In Stepping Off, three outlined steps descend from the upper left, dissolving toward the center of a glass circle. A white cane touches the edge of the final step, a single point of contact between certainty and void. The person holding it remains unseen, present only through intention.
The next step is unpictured.
What the painting suggests visually, rehabilitation confirms in practice. Techniques and procedures matter. They keep people safe. Obstacle detection and surface identification are essential, but skills alone cannot rebuild a life. People rebuild by learning to trust a rhythm that unfolds one deliberate contact at a time. The cane tip touching the step is not a symbol of limitation. It marks the only place certainty exists. Stepping off is not reckless. It is precise, attention gathered into a single point. The next step is unknown, but the ground beneath this one is not.
Rehabilitation is often mistaken for restoration. The confusion is understandable. After sudden loss, clients and families hope that skill and time will restore life to its former order. In practice, rehabilitation demands something more difficult and more truthful. It asks people to move forward without the certainty that once structured their world.
The metaphor becomes real in my clients' lives. Working with adults who lose vision later in life has taught me that the most difficult threshold is not physical mobility; it is existential mobility. It is the courage to move forward as identity shifts, without knowing who one will become. Curbs and stairs are not merely physical structures. They mark the boundary between what was familiar and what they cannot yet picture. At that edge, they navigate memory, grief, and the fragile beginnings of hope.
One afternoon I understood why the painting hung across from us. A forty-six-year-old client came to see me after her first street-crossing lesson. She had lost her vision only months earlier. Her breath caught before the words formed, as though her body were reliving what her mind struggled to describe. Her hand trembled, caught between holding the cane and refusing what it meant. She said she wanted to move forward but could not find the place to begin. She was not waiting for permission or instruction. She was searching for the will to claim the next step as her own. She reached for hope with urgency, caught between the life she could no longer inhabit and the one she could not yet imagine.

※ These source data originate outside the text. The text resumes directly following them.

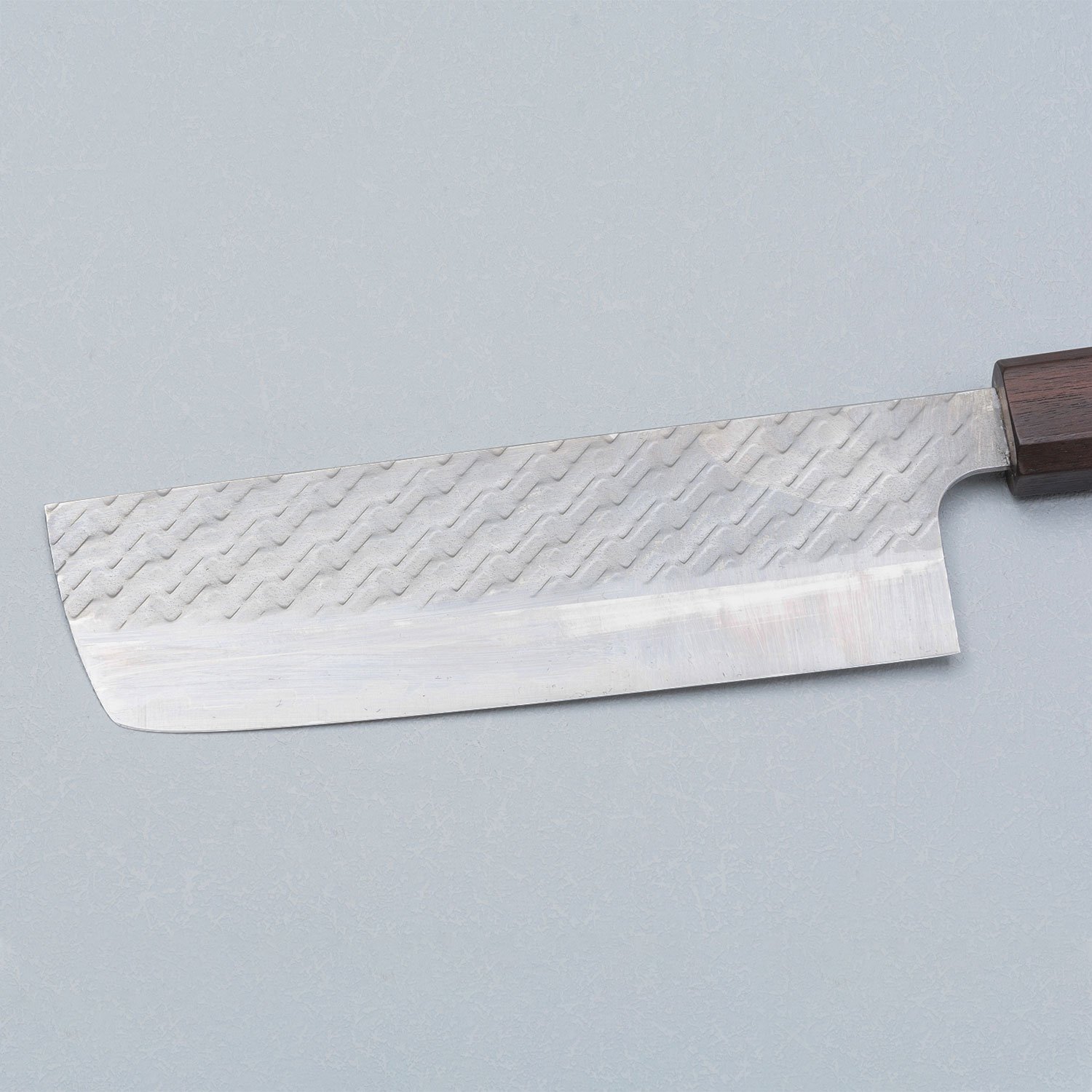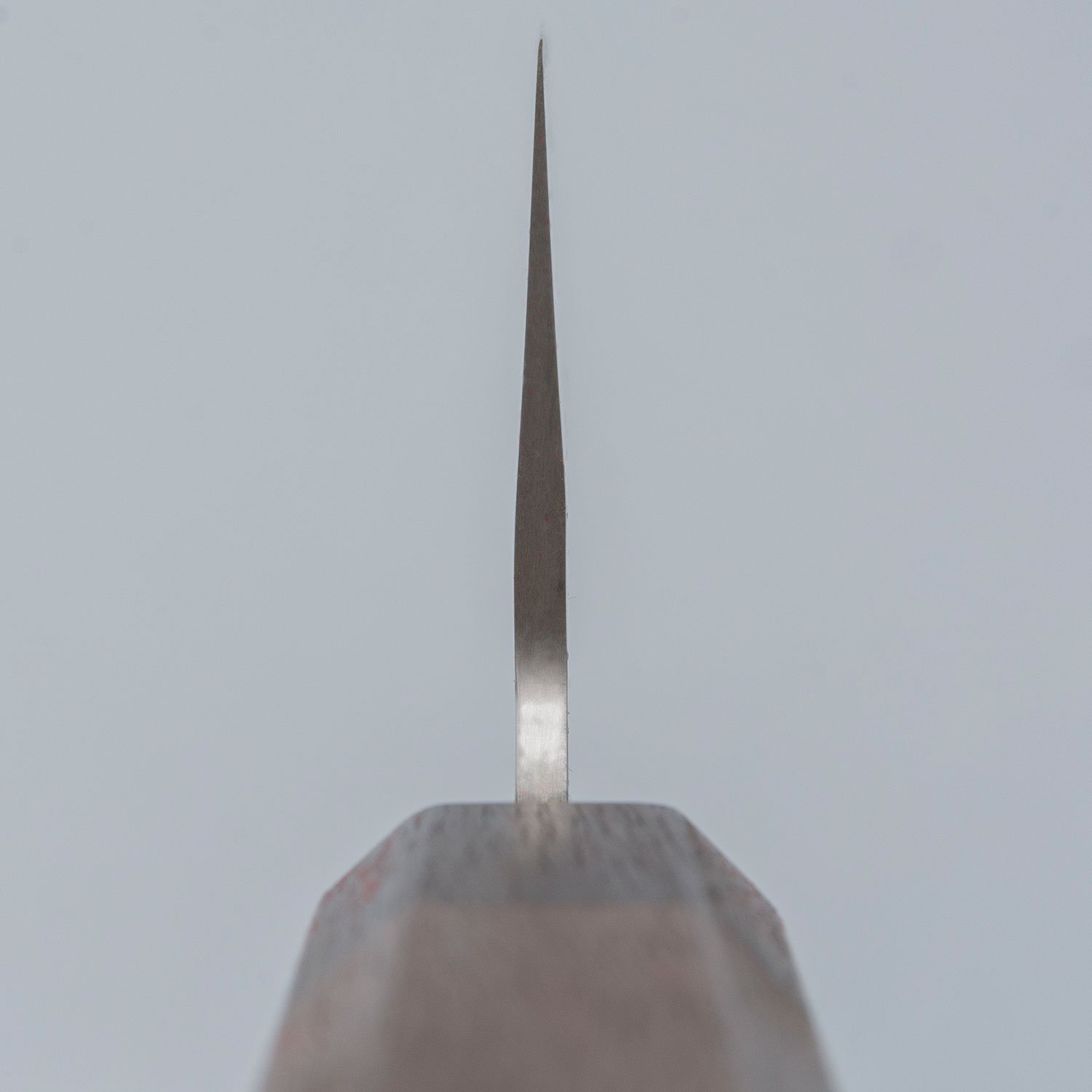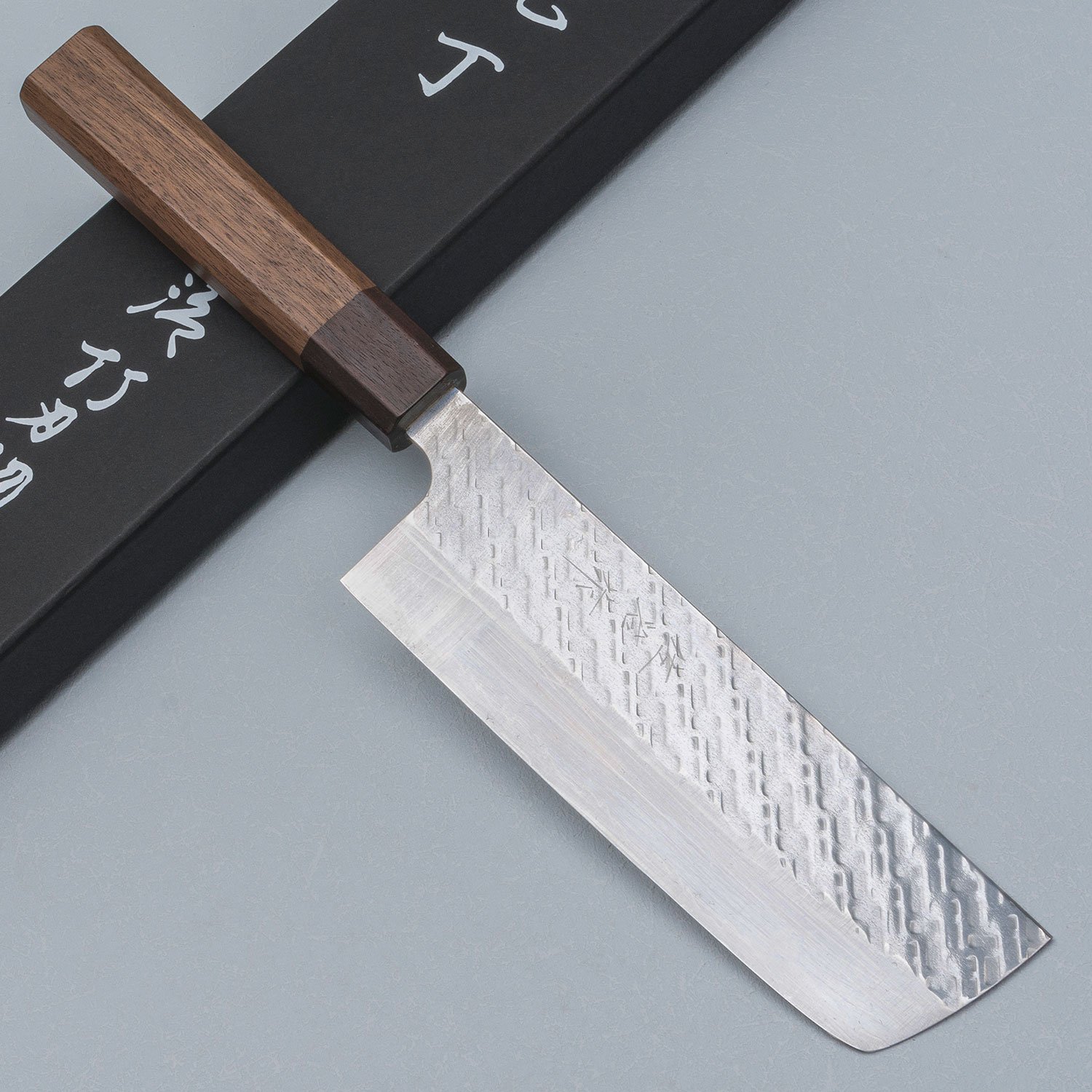 De nieuwe serie van Takeshi Saji die gemaakt is van SPG Strix Staal! Deze poedermetaal kun je zien als een geoptimaliseerde versie van SG2. Het staal is harder maar toch goed te slijpen. Daarbij is het volledig roestvast, zelfs bij het snijden van zure ingrediënten. Het mes heeft een indrukwekkende Tsuchime patroon en voelt solide aan. Het achthoekige (octagon) handvat is gemaakt van walnoothout.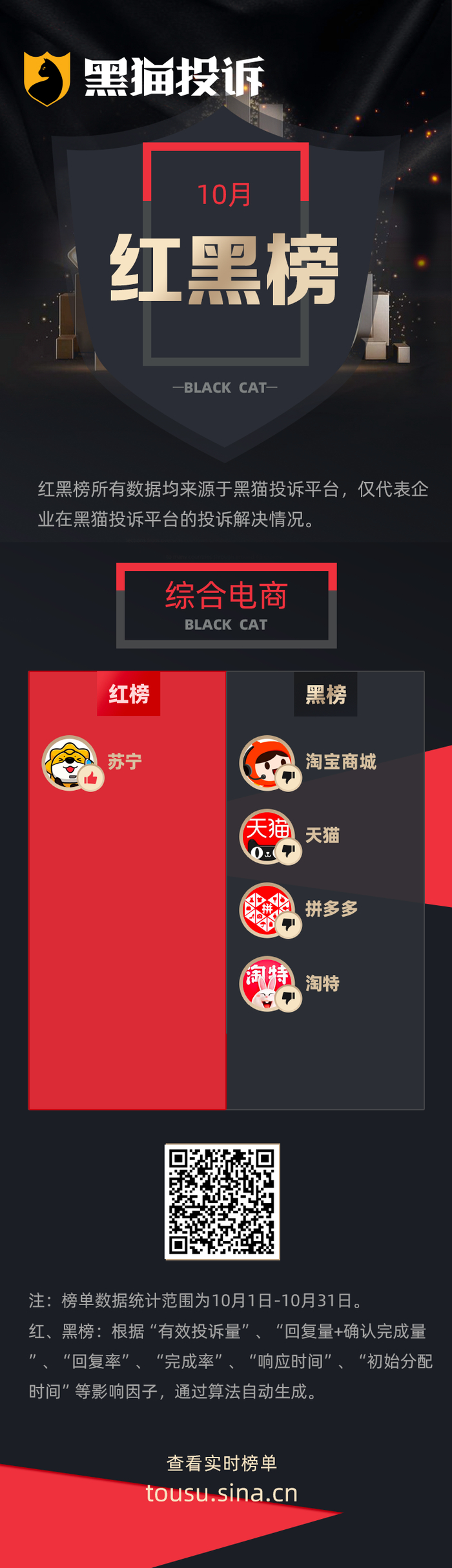 黑猫投诉发布10月企业投诉处理红黑榜单,数据均来源于黑猫投诉平台,反映了企业在黑猫投诉平台的投诉处理解决情况。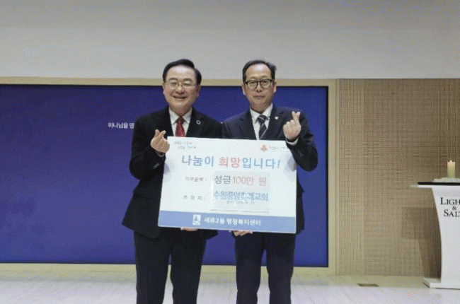 [NWS¹æ¼Û=Çѽ¸ñ ±âÀÚ]¼ö¿øÁß¾Óħ·Ê±³È¸´Â Áö³ 23ÀÏ, °ü³» Ãë¾à°èÃþÀ» À§ÇØ ºÒ¿ìÀÌ¿ôµ½±â 100¸¸¿ø ¼º±ÝÀ» ¼¼·ù2µ¿ ÇàÁ¤º¹Áö¼¾ÅÍ¿¡ ÈÄ¿øÇß´Ù.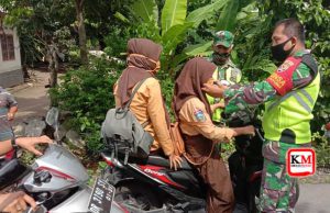 Koramil 1620-06/Jonggat Serma Saiful Rahman bersama babinsa melakukan imbauan kepada pelajar yang baru pulang dari sekolah agar selalu menggunakan masker dan membagikan masker kepada para pelajar yang tidak menggunakan, di depan SMPN 5 Jonggat jalan raya Barejulat Kecamatan Jonggat, Rabu tanggal 11 November 2020.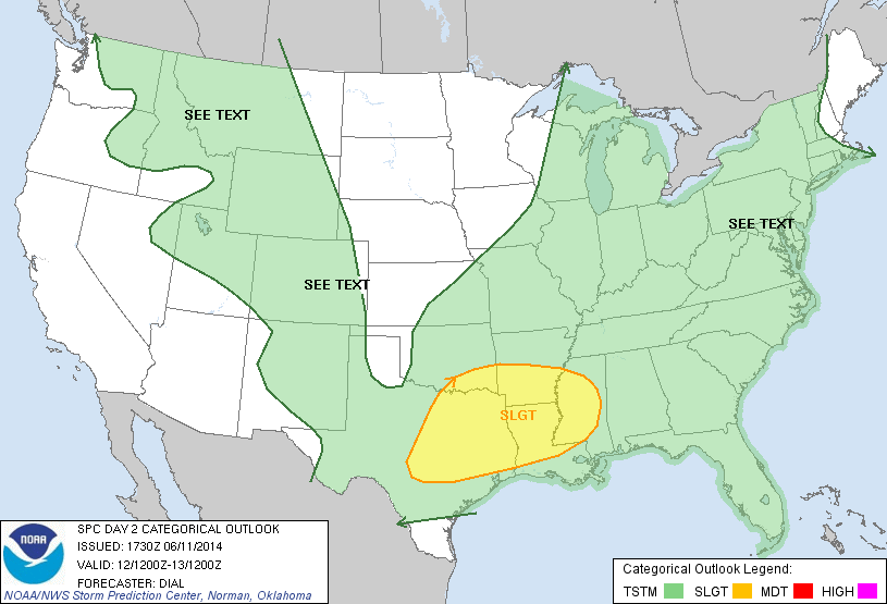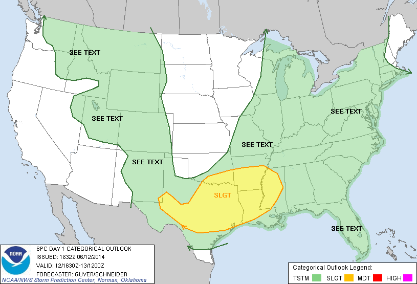 ...THERE IS A SLGT RISK OF SVR TSTMS OVER A PORTION OF THE SRN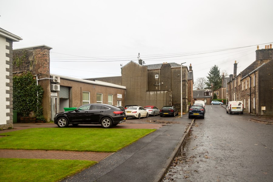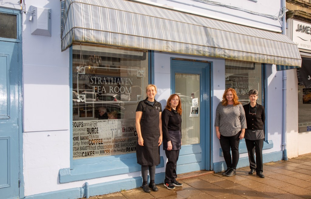 Face the Strathaven Tea Room, across The Common Green.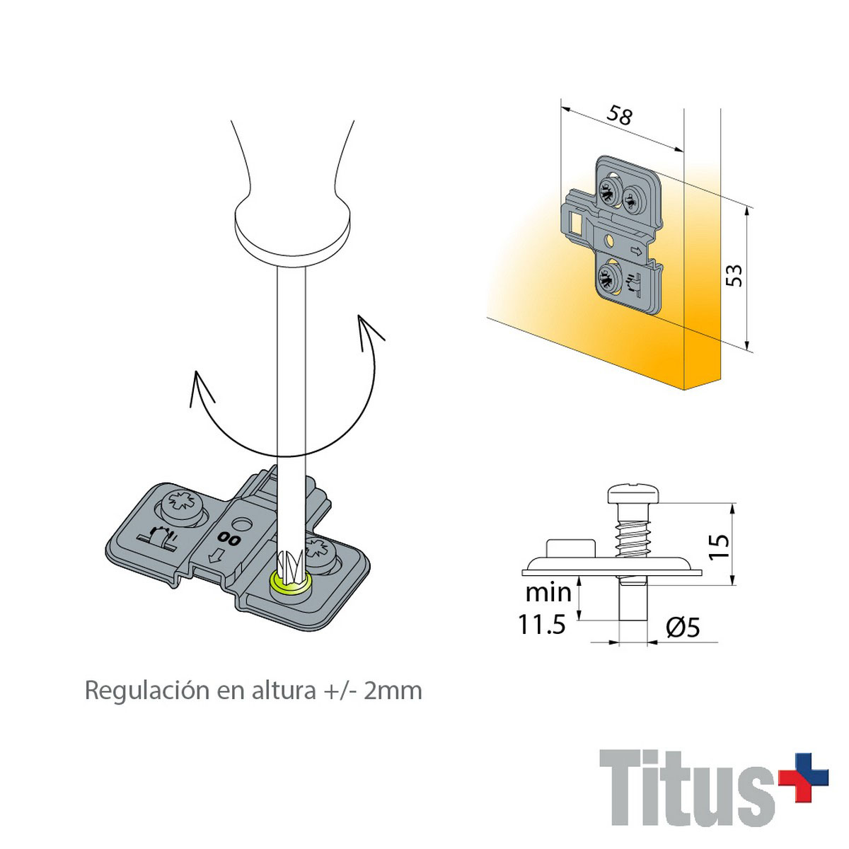 Base ajustable. Perminte regulación tridimensional. Compatible con todas las bisagras TITUS tipo S. Tornillos Euro incluídos.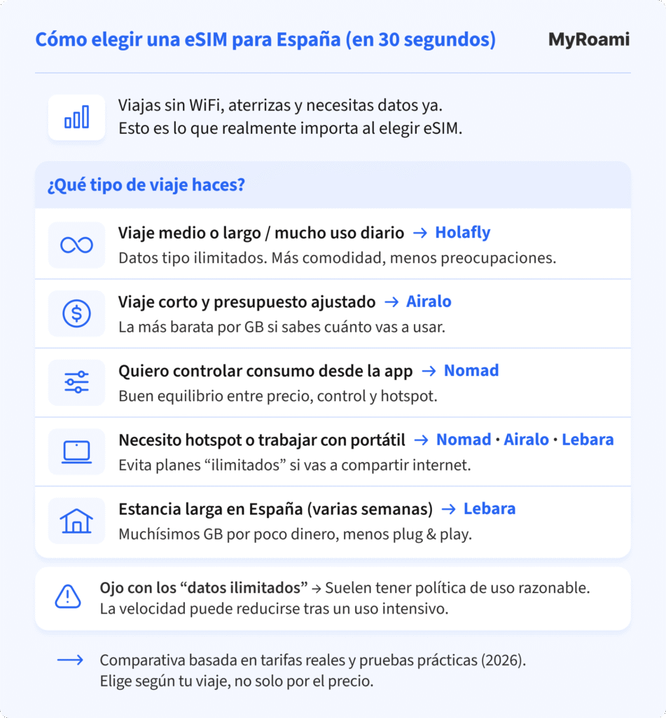 Por eso, la mejor eSIM para España no es la misma para todo el mundo. Depende de la duración del viaje, del consumo de datos y de si necesitas compartir conexión.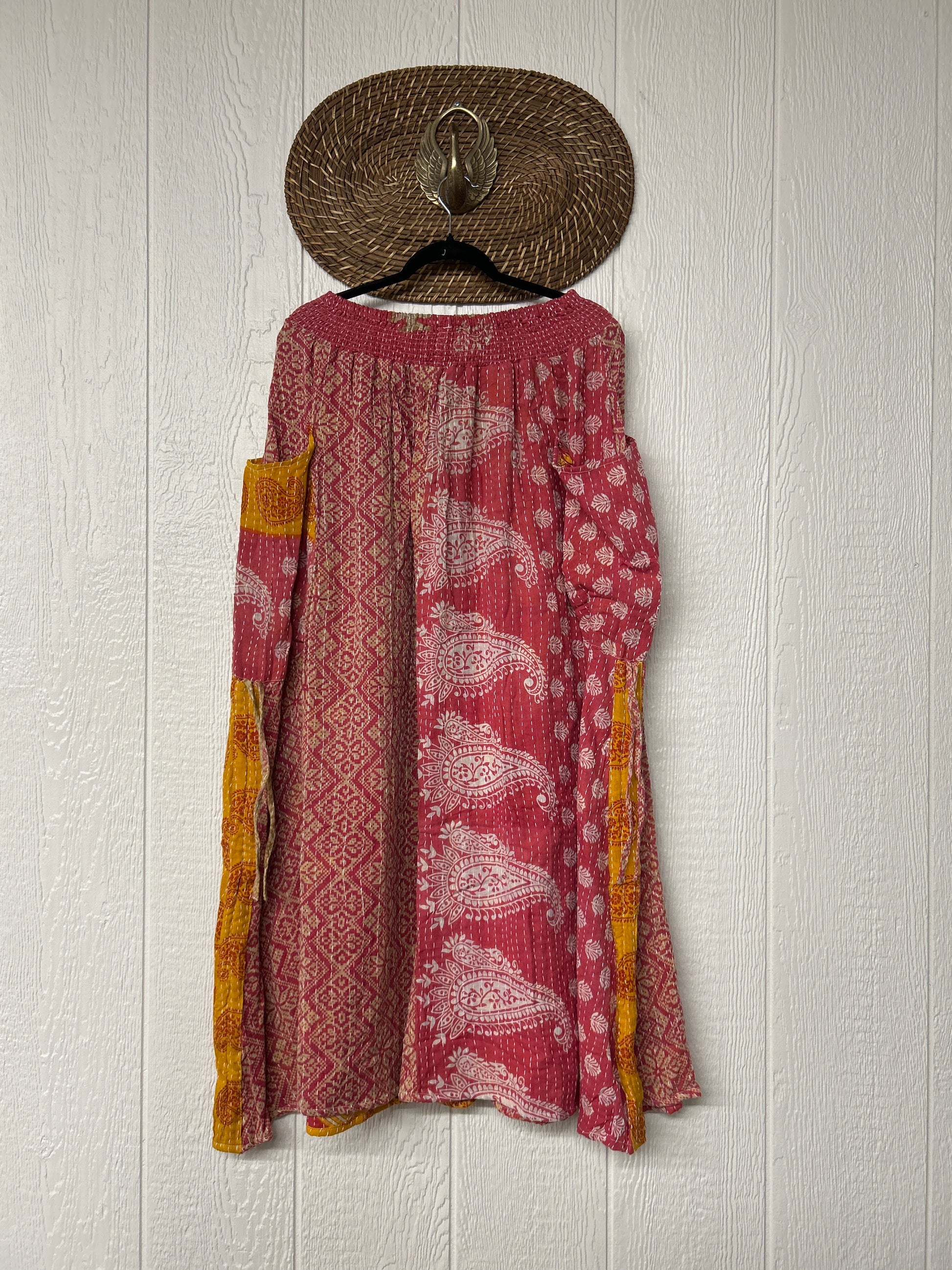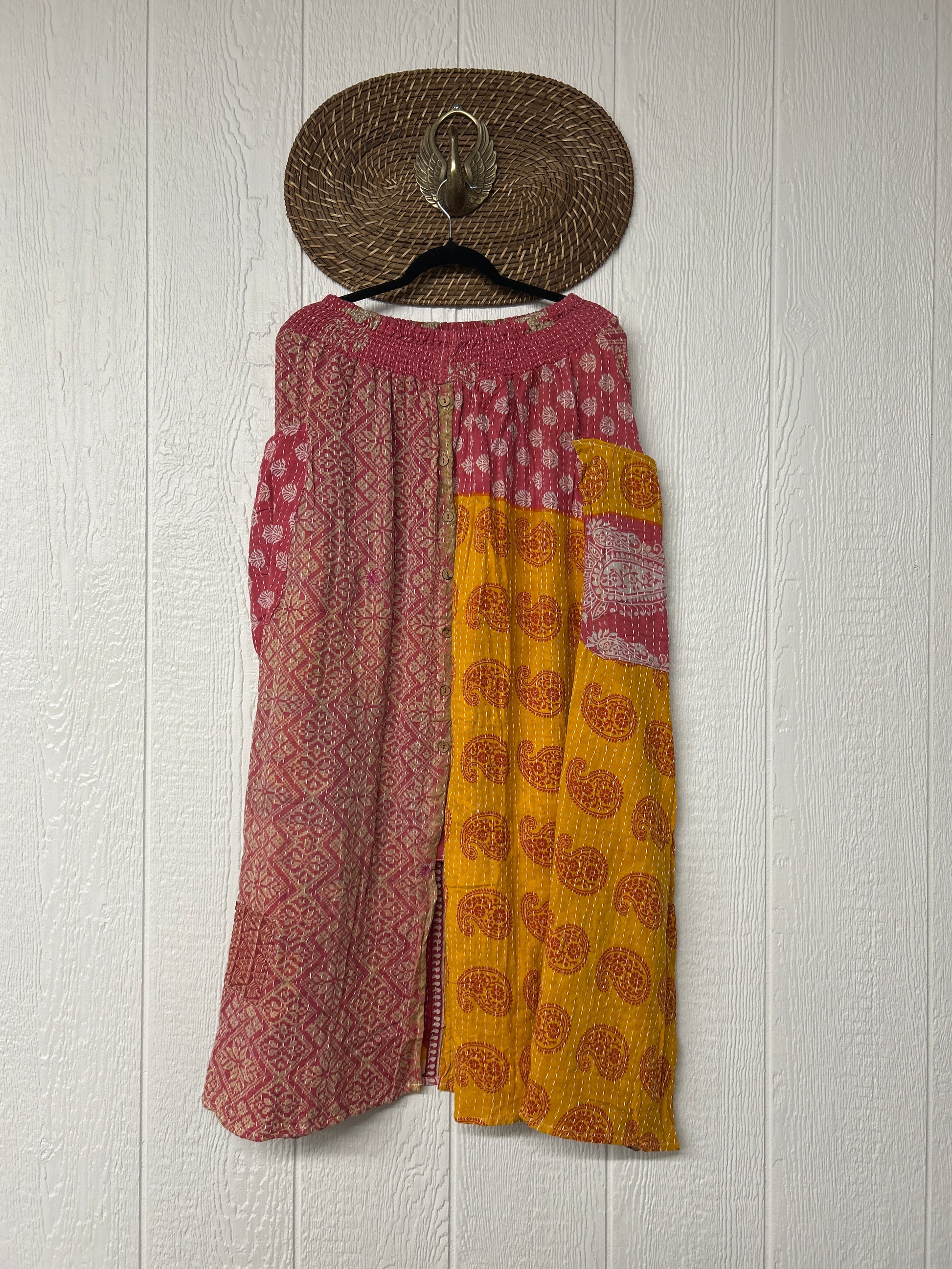 Crafted from kantha stitched vintage cotton sari this absolute dream features slouchy side pockets with a butterfly drawstring to cinch the sides, a button front skirt and a stretchy free size waist.

As we sat in my office, the painting across from her seemed less like art and more like a mirror. I watched her search for direction, suspended where the coordinates of her life had vanished. She was poised on the edge.
What is the next step?
I witnessed her internal crossing. For a moment, the steps in the painting seemed to reassemble, not into a staircase but into a direction. It was not a return; it was a continuation.
Art and rehabilitation share the same architecture. When I paint on circular glass, my brush does not seek the world as it appears, but as it is experienced. Not the outline of a tree, but the weight of wind moving through it. The edgeless surface echoes the disorientation of someone newly blind. Every stroke is a commitment made without visual confirmation. Once the mark lands, it joins what came before and alters everything that follows. Each stroke becomes a brief anchor in an otherwise edgeless space.
The work was never meant to depict certainty. It was meant to honor the courage to move without it. Not a guarantee. A decision.